If the signed electrostatic potential \(V_{i,j}\) is required, use the get_potential_between_sidbs function.

Parameters:

  • c1 – The first cell.

  • c2 – The second cell.

Returns:

The chargeless electrostatic potential between c1 and c2, i.e, \(\frac{V_{i,j}}{n_j}\) (unit: V).

inline double get_chargeless_potential_by_indices(const uint64_t index1, const uint64_t index2) const noexcept

This function calculates and returns the chargeless potential of two indices (representing two SiDBs) in Volt.

Parameters:

  • index1 – The first index.

  • index2 – The second index.

Returns:

The potential between index1 and index2.

inline double get_potential_between_sidbs(const typename Lyt::cell &c1, const typename Lyt::cell &c2) const noexcept

This function calculates and returns the electrostatic potential at one cell (c1) generated by another cell (c2) in Volt (unit: V).

Note

If the chargeless electrostatic potential \(\frac{V_{i,j}}{n_j}\) is required, use the get_chargeless_potential_between_sidbs function.

Parameters:

  • c1 – The first cell.

  • c2 – The second cell.

Returns:

The electrostatic potential between c1 and c2, i.e., \(V_{i,j}\) (unit: V).

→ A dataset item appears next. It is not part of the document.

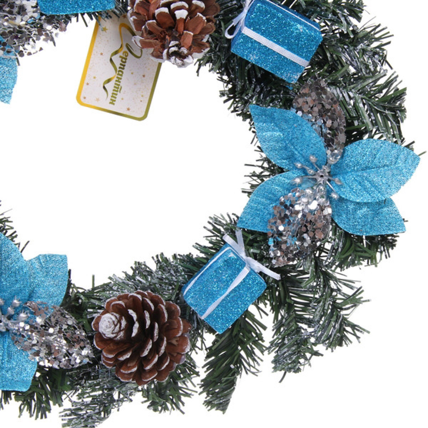 Венок хвойный "Снежное синяие" d-30 см

inline void update_local_potential(const charge_distribution_history history_mode = charge_distribution_history::NEGLECT) noexcept

This function calculates the local electrostatic potential in Volt for each SiDB position, including external electrostatic potentials (generated by electrodes, defects, etc.) (unit: V).

Parameters:

history_mode – If set to NEGLECT, the local electrostatic is calculated from scratch, without using the results of the previous charge distribution.

inline std::optional<double> get_local_potential(const typename Lyt::cell &c) const noexcept

The function returns the local electrostatic potential at a given SiDB position in V.

Parameters:

c – The cell defining the SiDB position.

Returns:

Local potential at given cell position. If there is no SiDB at the given cell, std::nullopt is returned (unit: V).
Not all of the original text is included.